Douglas Webster brings big plans to South Park’s high school art program
summit daily news
Summit County, CO Colorado
FAIRPLAY ” In a town hall meeting forum, set to the play’s directions, South Park High School students, faculty and Park County community members will discuss the 1998 beating death of Matthew Shepard.
New South Park High School music director Douglas Webster and his production class are presenting “The Laramie Project” on Friday and Saturday nights at the high school. Webster described the play as looking into how a small Western town handles large media attention.
“I see a lot of parallels with Fairplay, growing up in Breck,” Webster said, describing Park County as a tight-knit community, but with many different viewpoints.
“If it’s not a good theater piece ” which it is ” it’s at least a great conversation piece,” he said.

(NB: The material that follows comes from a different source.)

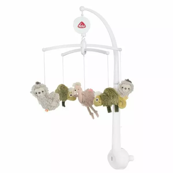 Fehn sänkymobilen "Lazy, Crazy & Pink" saa kiinnitettyä helposti sängyn laitaan koristamaan sänkyä ja auttamaan vauvaa nukahtamisessa. Sänkymobilesta roikkuu suloiset laiskiaiset, kameleontit ja flamingo, jotka ilahduttavat lasta pyöriessään. Lelut voidaan irroittaa mobilesta leikkejä varten. Soittorasia soittaa unilaulua ja samalla pyörittää sänkymobilen hahmoja. Soittorasioiden melodia voi vaihdella.

And more than just the school is involved in the production. Mayor Fred Boyce and superintendent Chuck Soper have roles in the play that mixes the actors in with the audience. Three Littleton high school students who performed the play recently in their town, are also performers in the play.
“They will bring their experience to the (Park County) cast and share as 18-year-old colleagues what it has meant to them to do (the play) ” and share that energy,” Webster said.
A student from Summit High School will also be in the play and Webster hopes this kind of interaction between Summit and Park counties continues.
“I’m trying to mimic what’s going on in the arts world where cross collaboration is very popular,” Webster said.
Webster, who grew up in Breckenridge and has brought his American Singer Seminars to the town for the last nine years, recently took a gig up in South Park.
His second home in Fairplay led him to the music director position at the high school, which Webster only has for sure for this year. He said he’s making some drastic changes, but that all the programs will be sustainable without him.
A major move Webster has taken is to make the auditorium into a real theatrical venue. A high school parent who is also a master electrician donated 20 hours of time to rewire the auditorium lighting from three positions to eight. They’ve also repainted the auditorium so it works with the lights and have gotten the OK to paint the ceiling as well.
“We’ve truly created a theater ” with full theater lighting in the auditorium that used to be a cafeteria,” he said. Webster described his not-so-hidden agenda in dressing up the school’s auditorium.
“When I moved to town, the mayor Fred Boyce asked me about creating a performing arts space,” Webster said. “I told him there was not an opportunity until a demand was shown by an audience.”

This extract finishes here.